Blue Button at 5: Celebrating the Thought Leaders Who are Fulfilling the Vision
October 1, 2015
By Bettina Experton, MD, MPH, CEO of Humetrix

Today, October 1, Blue Button, the federal initiative created to give Americans easy access to their electronic health records, turns five. Looking back and understanding where we are and what we still need to achieve to truly deliver on this revolutionary initiative, a striking but unfortunately common medical mishap story put into perspective for me. Yesterday while attending the HUG/NATE/SHIEC annual meeting in Utah, a colleague clinician and informaticist told me of her mother' s horrific patient story when the health care system and IT system dramatically failed her. Hospitalized for emergency surgery, my colleague's mother was discharged to a rehab facility, within the same health care system, where she suffered a dramatic adverse drug reaction. This happened simply because no one knew of her hospital discharge medications or the medications she had been taking for the various chronic conditions.

For this Medicare-covered patient, the ability to access and share the list of her current medications, pulled from her Medicare Blue Button record, and displayed in clear text by the iBlueButton app with all the necessary prescription details (the name of the prescriber, the date and place where these were filled), on her or her daughter's phone would have prevented the serious medical error she experienced. My friend wished that she would have known of such a lifesaving tool, turning a plain Medicare EOB file into a longitudinal health record with so much of what you need to know right in your hand. Whether in an emergency situation, or simply as part of navigating our complex healthcare system, having this critical information can literally be a lifesaver.

Along with Medicare beneficiaries, millions of Americans enrolled in Medicaid could also benefit tremendously from having their health history with them at all times, to ensure their safety and avoid unnecessary or redundant tests and procedures. Leading the nation in offering such a patient-empowering tool to Medicaid beneficiairies, the State of New York in Redesigning its Medicaid Program has also required its new MMIS vendor to include a Blue Button feature, which Humetrix will provide as a subcontractor to Xerox.

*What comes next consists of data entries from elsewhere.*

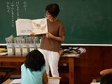 1年生は、しぼんだアサガオの花を集め、図工の時間に色水をつくって活動します。
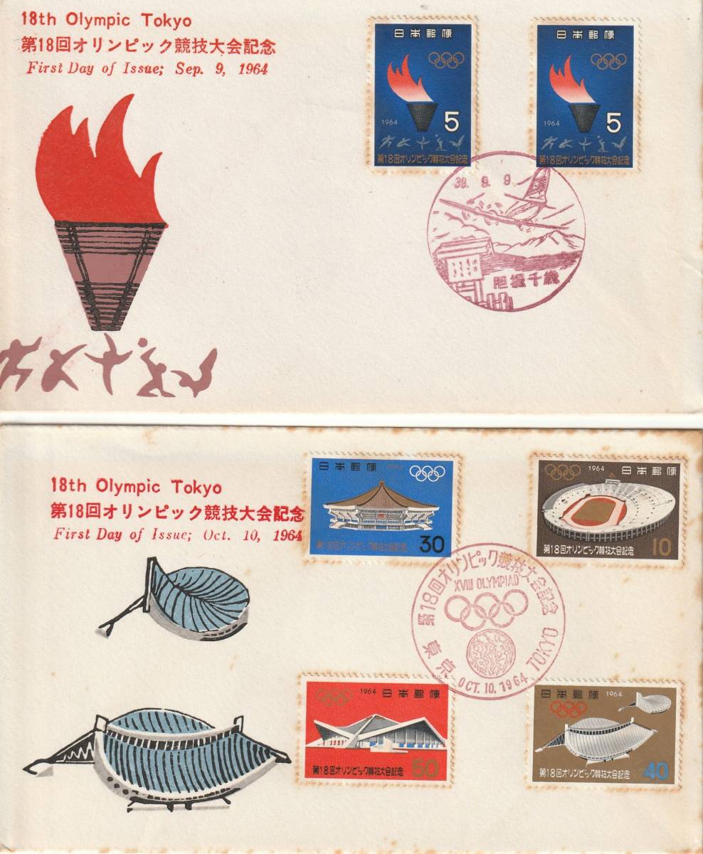 - FDC 1964年 オリンッピク東京大会 2通 切手文化
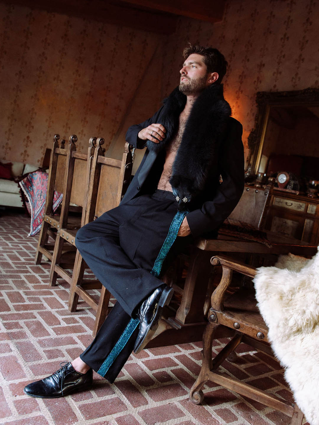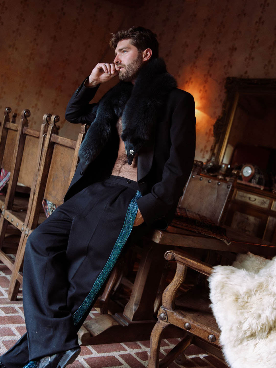 The tuxedo remains a symbol of elegance, formality, and timeless style, synonymous with special occasions and black-tie events. Its enduring popularity and versatility in men's formal attire reflect its ability to transcend fashion trends and cultural shifts, maintaining its iconic status across generations. We're celebrating the importance of such regality by adding a touch of shimmery blue lamé to the trouser and a matching cummerbund.
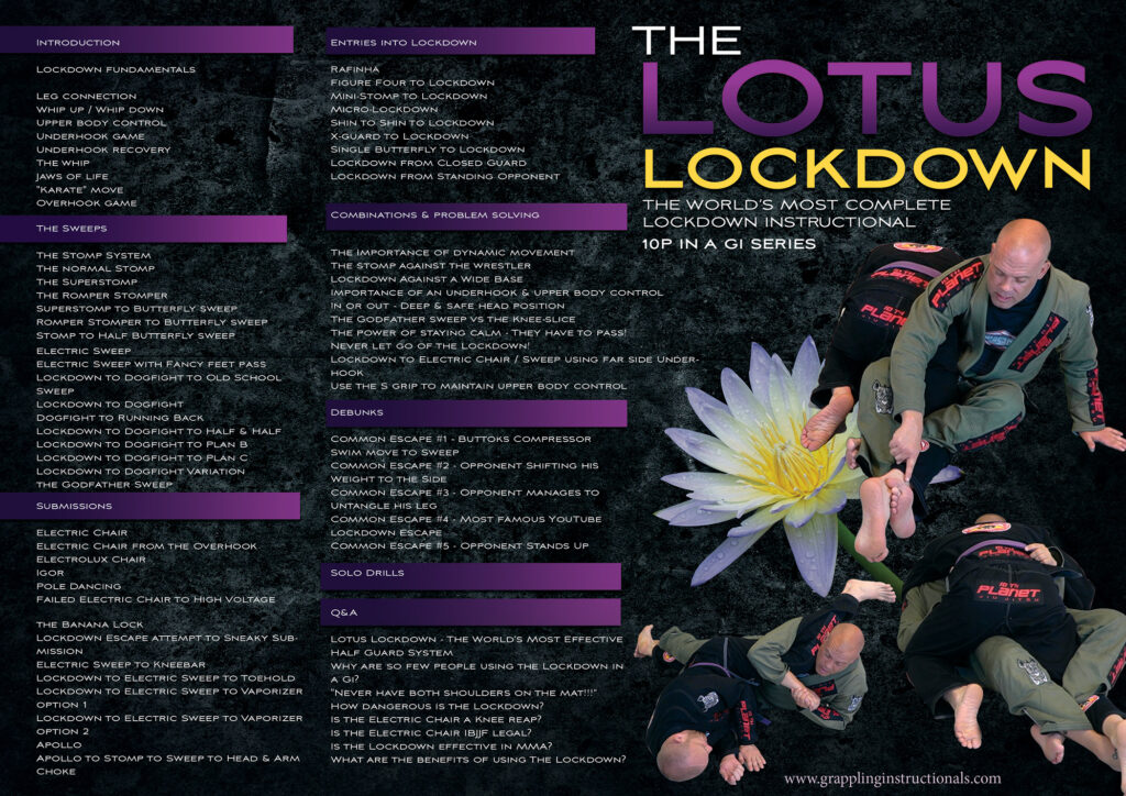 O Lotus Lockdown permite que iniciantes ou praticantes menos técnicos dificultem, e muito, as coisas para os mais graduados. A técnica diminui o ritmo da luta, frustra o adversário e prepara para raspagens e finalizações!
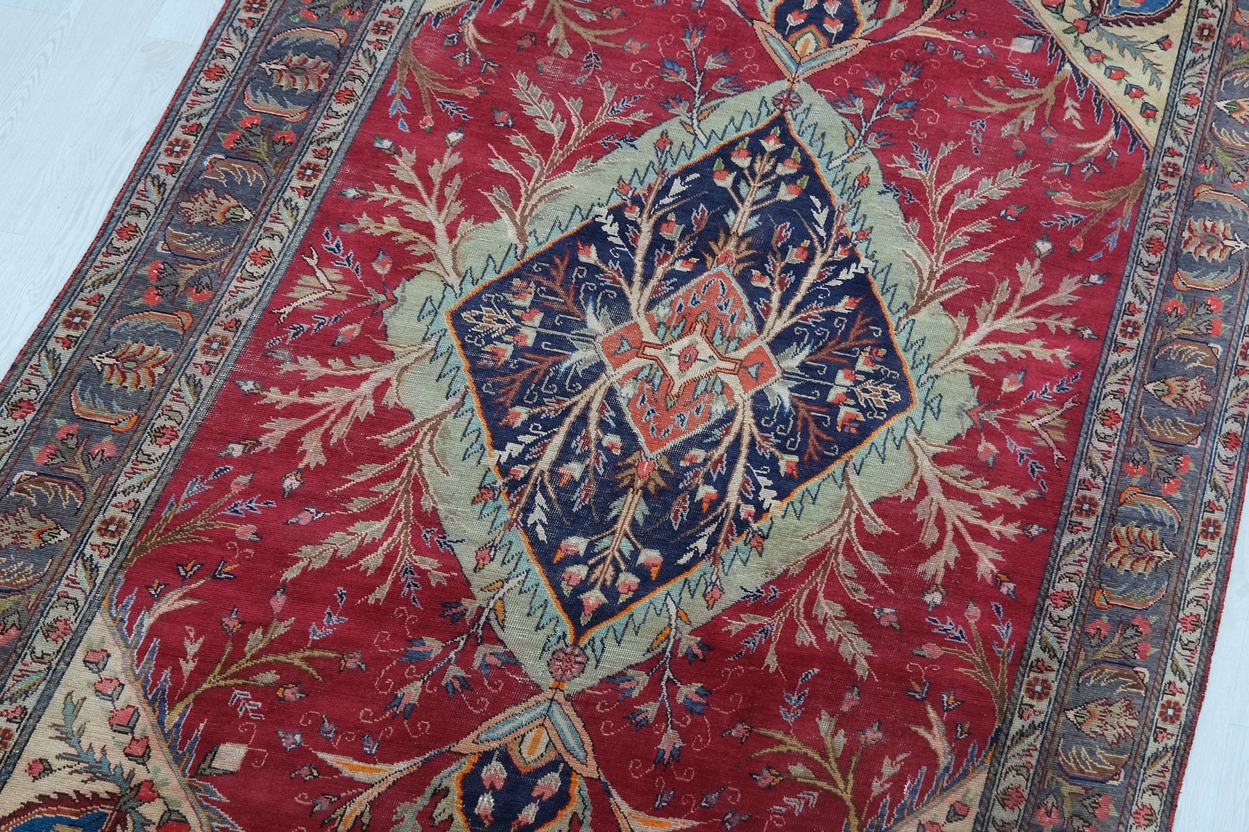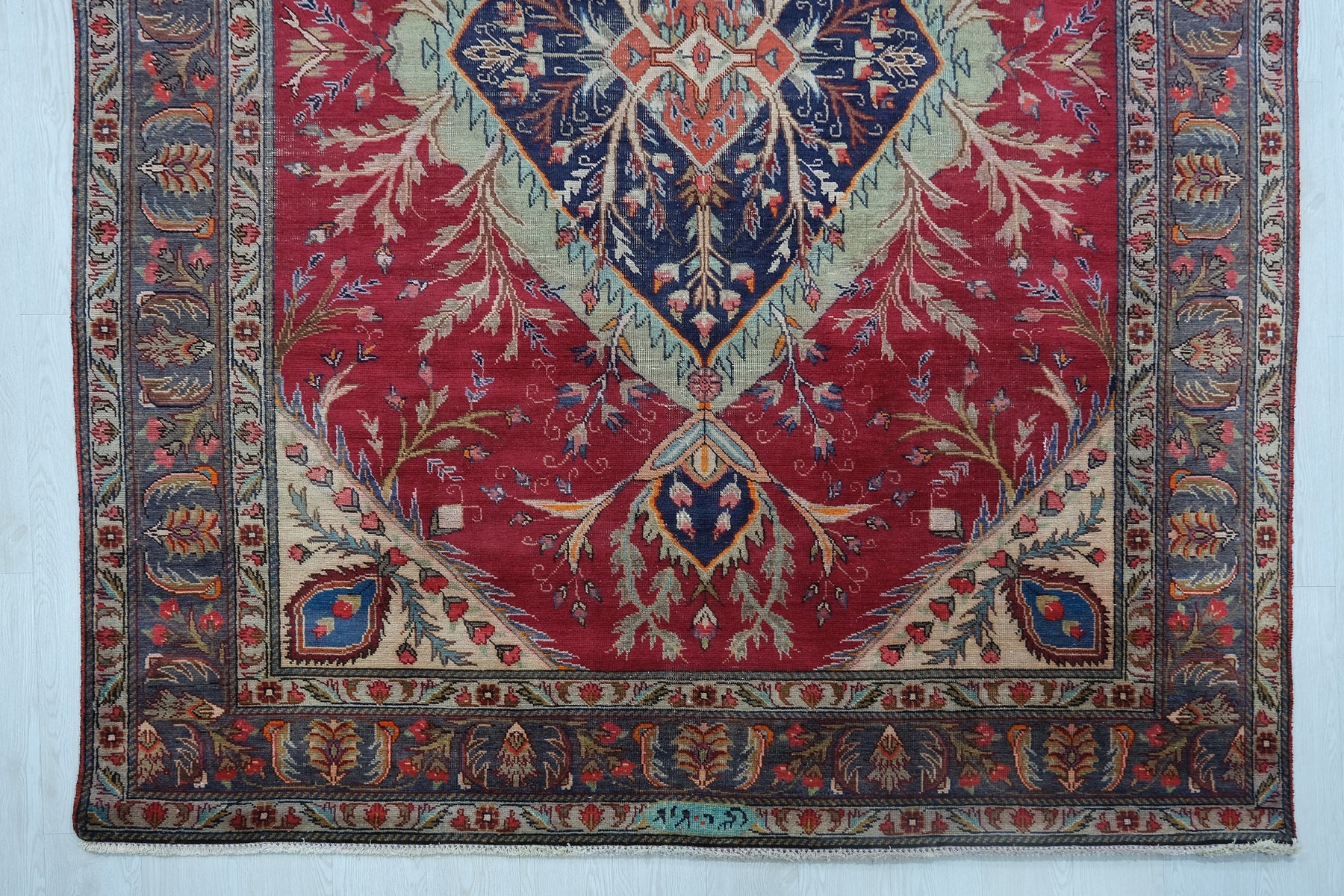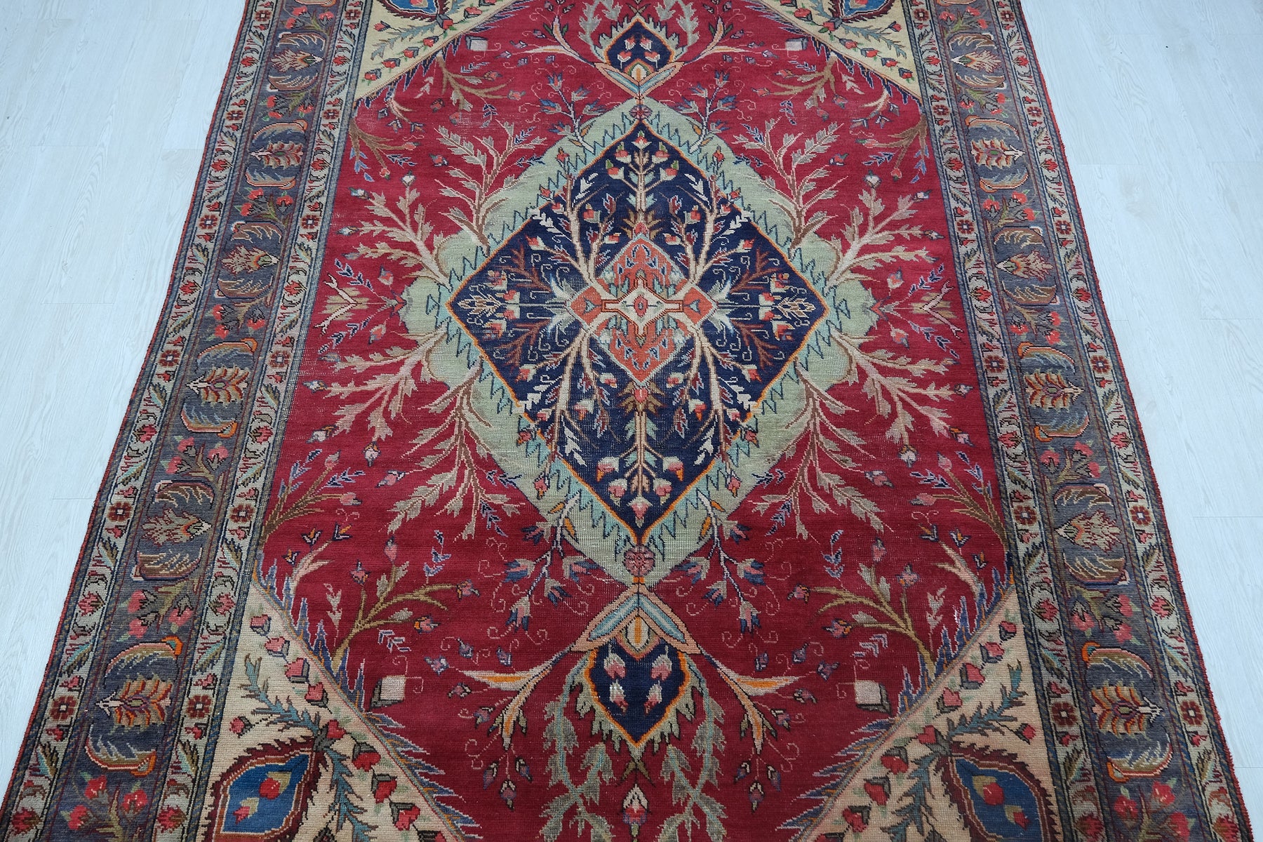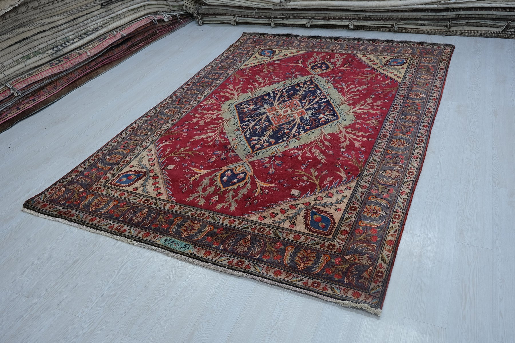 This is a hand-knotted, one-of-a-kind vintage rug. Due to the nature of this piece, there may be slight imperfections in its wear, shape, dimensions, and color. All of our rugs are professionally cleaned and repaired.
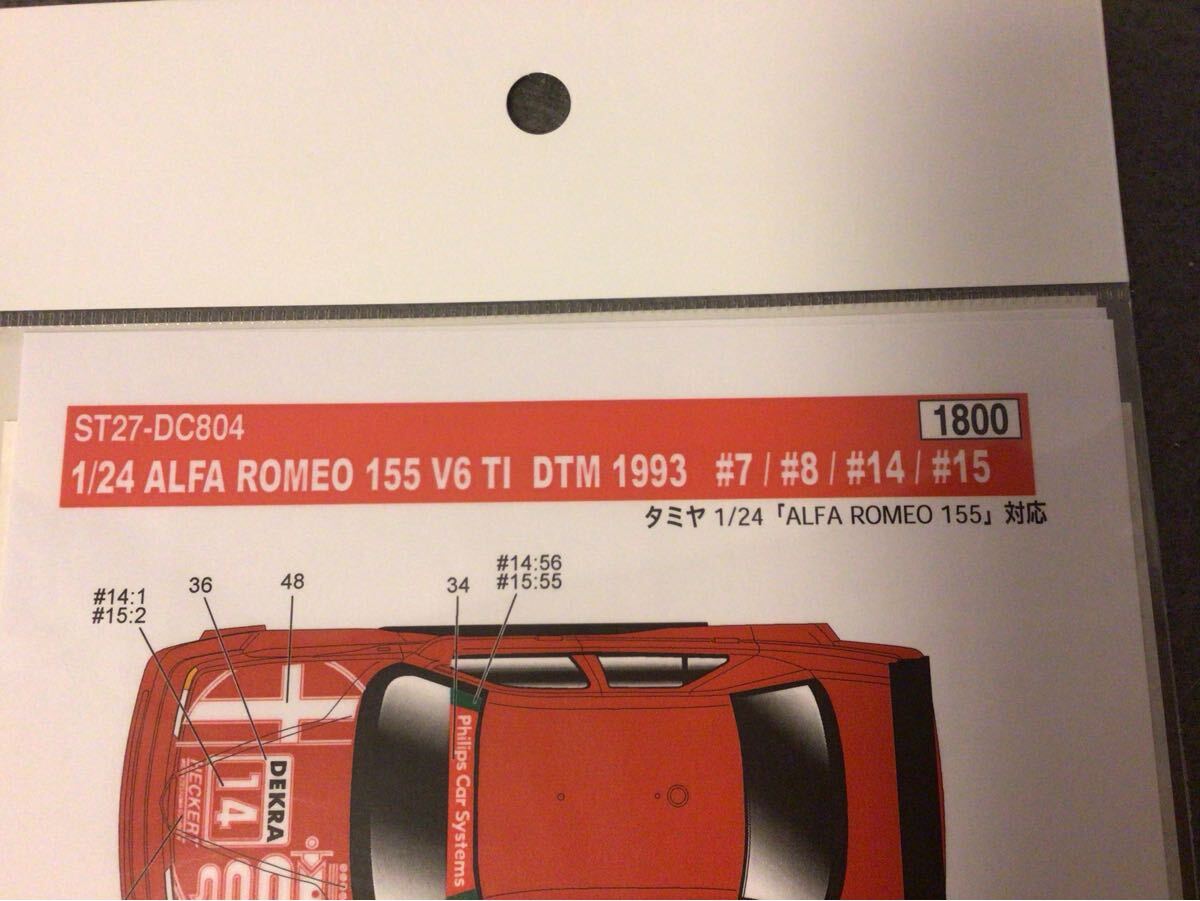 1/24 studio27製デカール。アルファロメオ155 DTM。デカールのみです。古い物なので、NC/NRでお願いします。尚、複数落札で同梱希望の場合は、まとめて取引からお願いします。まとめて取引以外では、同梱できません。以上、宜しくお願いいたします。
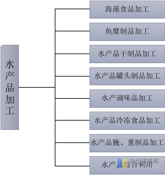 水產品加工業是水產品行業的組成部分,是一種以水產捕撈和養殖的產品為原料,進行保鮮、貯藏或加工成各種形式的食品或其他產品的生產部門,產品主要有魚、蝦、蟹、貝、藻類等經濟水產動植物的冷凍、冰鮮、腌制、熏制、干制、罐裝和熟食品等水產食品。

By the end of 2016, over one million fee-for-service Medicaid enrollees in New York will have access to their Blue Button health record. This Blue Button record will not be a plain list of claims, but an actionable, searchable (in English or Spanish) longitudinal health record available for download to their computer, or more practically available on their own smartphone, which for many among the underserved populations enrolled in the Medicaid program, is the primary method for Internet/data connectivity. For these users, the record is securely stored on the device within the iBlueButton app and available even when no Internet connection is present, making it accessible and usable in a clinical setting.

As patient engagement meaningful use requirements have been seriously diminished and postponed, and when interoperabilty across provider systems will remain difficult for years to come, giving patients their medical histories, generated from these valuable Blue Button enabled Federal and State medical claim data sets, is a public health imperative. While new standards like FHIR will ease access by developers to these Blue Button data sets, we should not wait for these standards to be finalized with their unavoidable trust and governance issues. We must let the public make use of the life saving and cost saving tools available now.

Nowhere is the imperative that we aggressively expand Blue Button awareness and use more apparent than in the area of medical errors, as pointed out by the latest Institute of Medicine (IOM) report, Improving Diagnosis in Health Care, in which one can read that medical errors cause 10% of all deaths in the U.S., and that the majority of Americans will be victim to at least one “meaningful” diagnostic error in their lifetimes. One of the key recommendations included in the IOM report is that patients must be an integral and informed part of their own caregiving team, and have access to their electronic health records to facilitate patient engagement in the diagnostic process and patient review of their health records for accuracy.

By providing access to medical records – and making the information actionable – Blue Button tools can literally save lives. Especially among Medicaid beneficiaries, who often have to seek care from disparate healthcare providers, tools that can ensure continuity of care are key to ensure patient safety and cost effective healthcare.

As we celebrate Blue Button’s fifth birthday let’s foremost celebrate the thought-leaders starting with the leaders at the ONC who pioneered the program and today those from the State of New York who are turning a national initiative into a transformative health care program, giving even the most underserved the tools we need to be informed and involved health care consumers. This will truly transform healthcare.